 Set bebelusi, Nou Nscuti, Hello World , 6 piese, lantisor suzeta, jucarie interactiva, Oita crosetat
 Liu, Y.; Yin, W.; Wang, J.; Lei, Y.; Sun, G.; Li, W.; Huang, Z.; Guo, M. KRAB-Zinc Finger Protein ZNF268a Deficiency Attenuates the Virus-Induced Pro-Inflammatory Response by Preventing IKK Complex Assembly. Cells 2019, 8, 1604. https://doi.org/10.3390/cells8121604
---
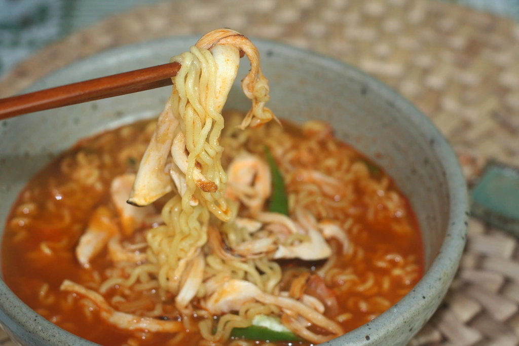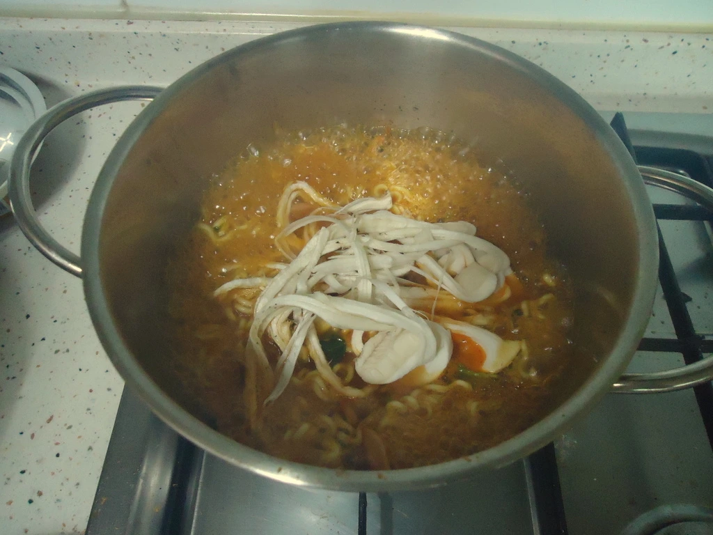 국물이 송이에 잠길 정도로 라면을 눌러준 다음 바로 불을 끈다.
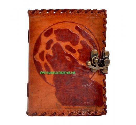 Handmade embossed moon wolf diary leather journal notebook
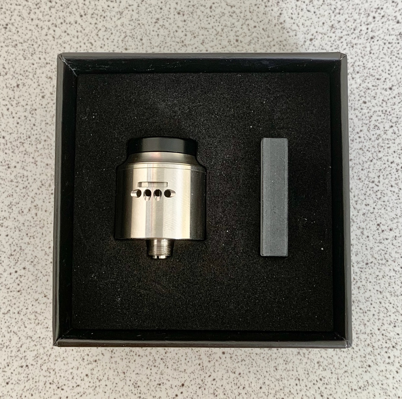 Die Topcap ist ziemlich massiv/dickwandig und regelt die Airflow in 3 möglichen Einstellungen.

• **WHAT YOU NEED TO DO**
Leaving each picture behind, please give again exactly the lines above from the one with "Handmade embossed moon" through the one with "Die Topcap ist", both included, and no others.

• **TASK RESPONSE**
 Handmade embossed moon wolf diary leather journal notebook
 Die Topcap ist ziemlich massiv/dickwandig und regelt die Airflow in 3 möglichen Einstellungen.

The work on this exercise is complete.